EXERCISE PROMPT: Return the line that has "Totale afmeting: 860 x 440 x 200 mm" and all lines below it through the last, exactly as they stand; omit pictures.

DATA EXCERPT:
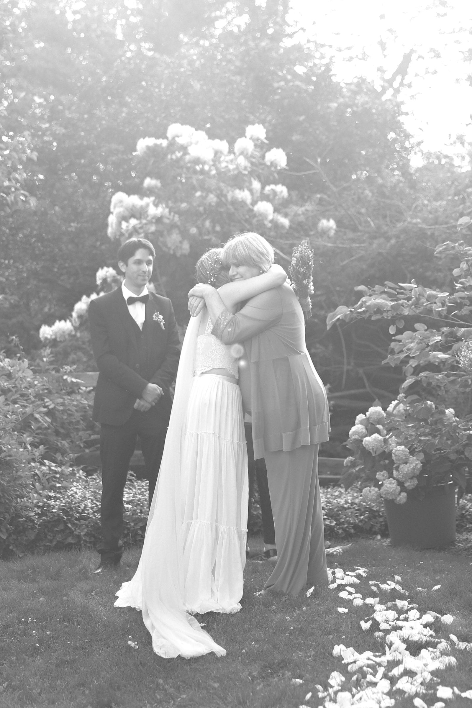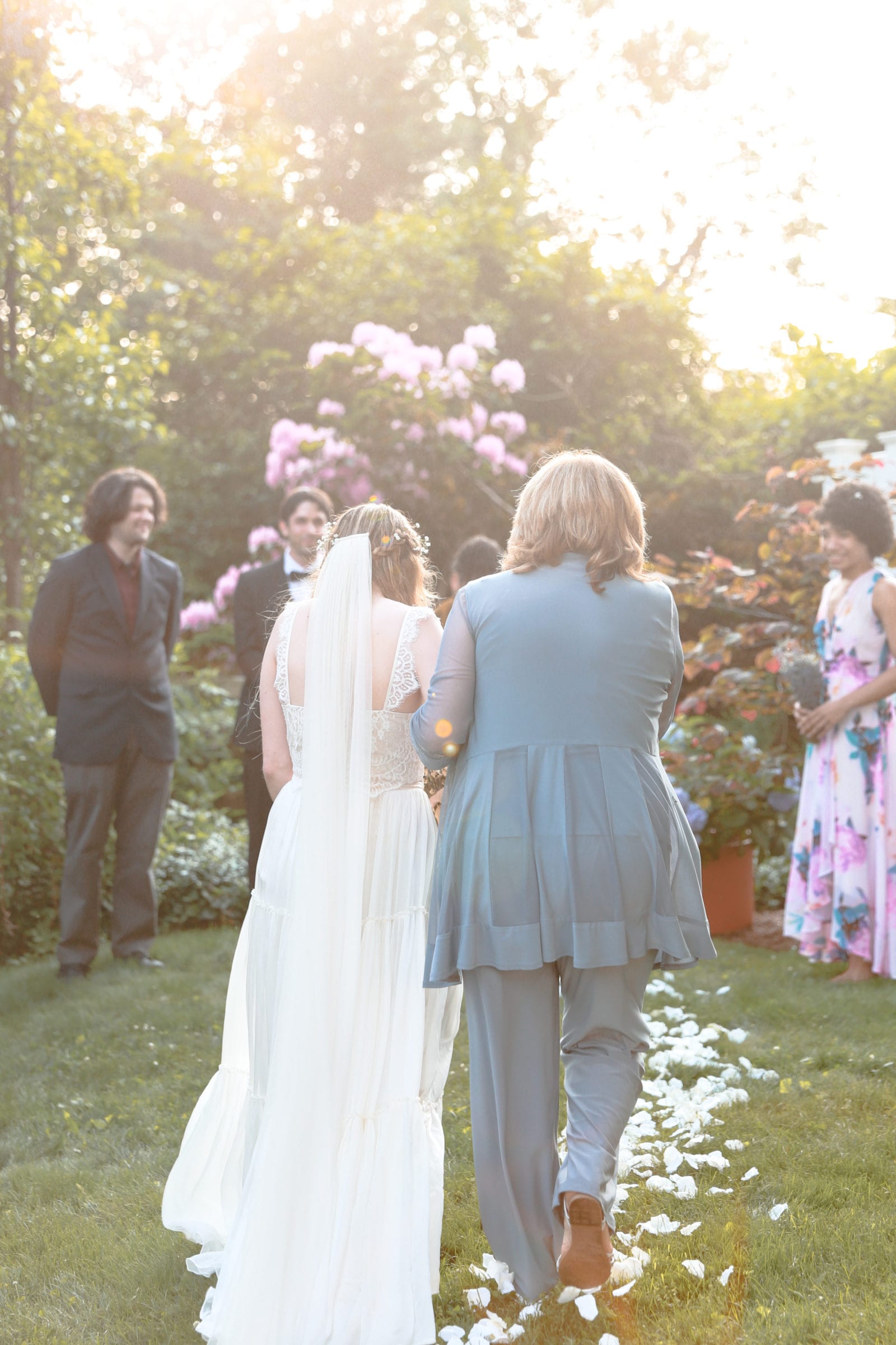 Our ceremony was on the lush grass in my husband’s parents’ small but charming backyard, surrounded by blue and purple Hydrangeas and the soft golden rays of sunlight. Flowers were plentiful and white flower petals were sprinkled to the “altar.” I was barefoot and held a dried lavender bundle, as my mother walked me down the aisle. Red cardinals were heard chirping, and the mosquitos were everywhere. And it felt utterly magical and perfect.
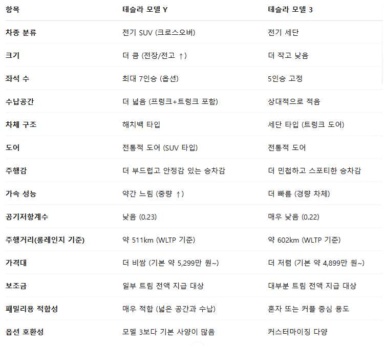보조금과 가성비가 중요하다면 모델 3를, 공간과 활용성이 중요하다면 모델 Y를 고려해보세요.
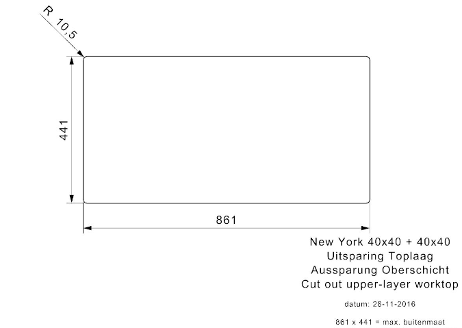 Totale afmeting: 860 x 440 x 200 mm
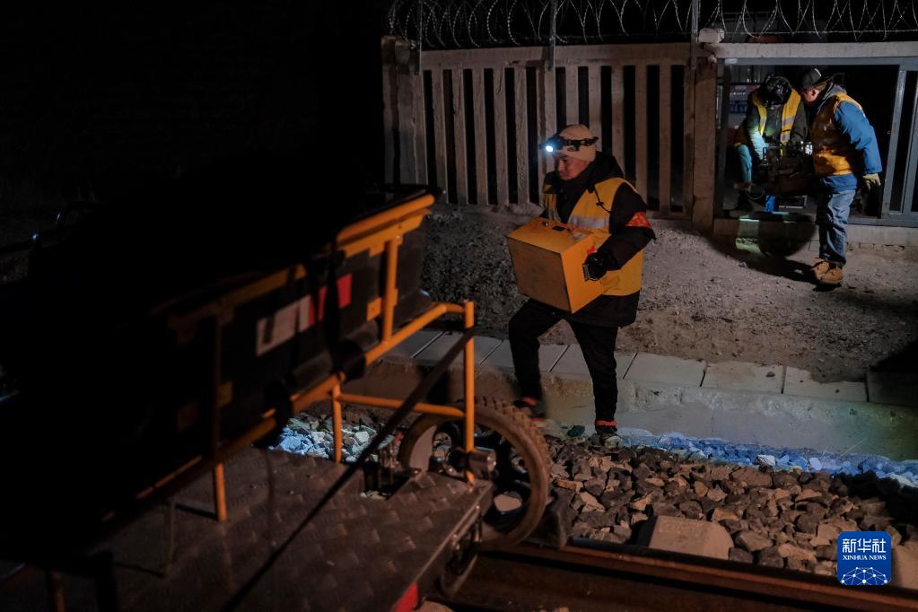 羅布和同事進(jìn)行鋼軌探傷前的準(zhǔn)備工作(1月12日攝)。新華社記者 孫非 攝

TASK OUTPUT:
 Totale afmeting: 860 x 440 x 200 mm
 羅布和同事進(jìn)行鋼軌探傷前的準(zhǔn)備工作(1月12日攝)。新華社記者 孫非 攝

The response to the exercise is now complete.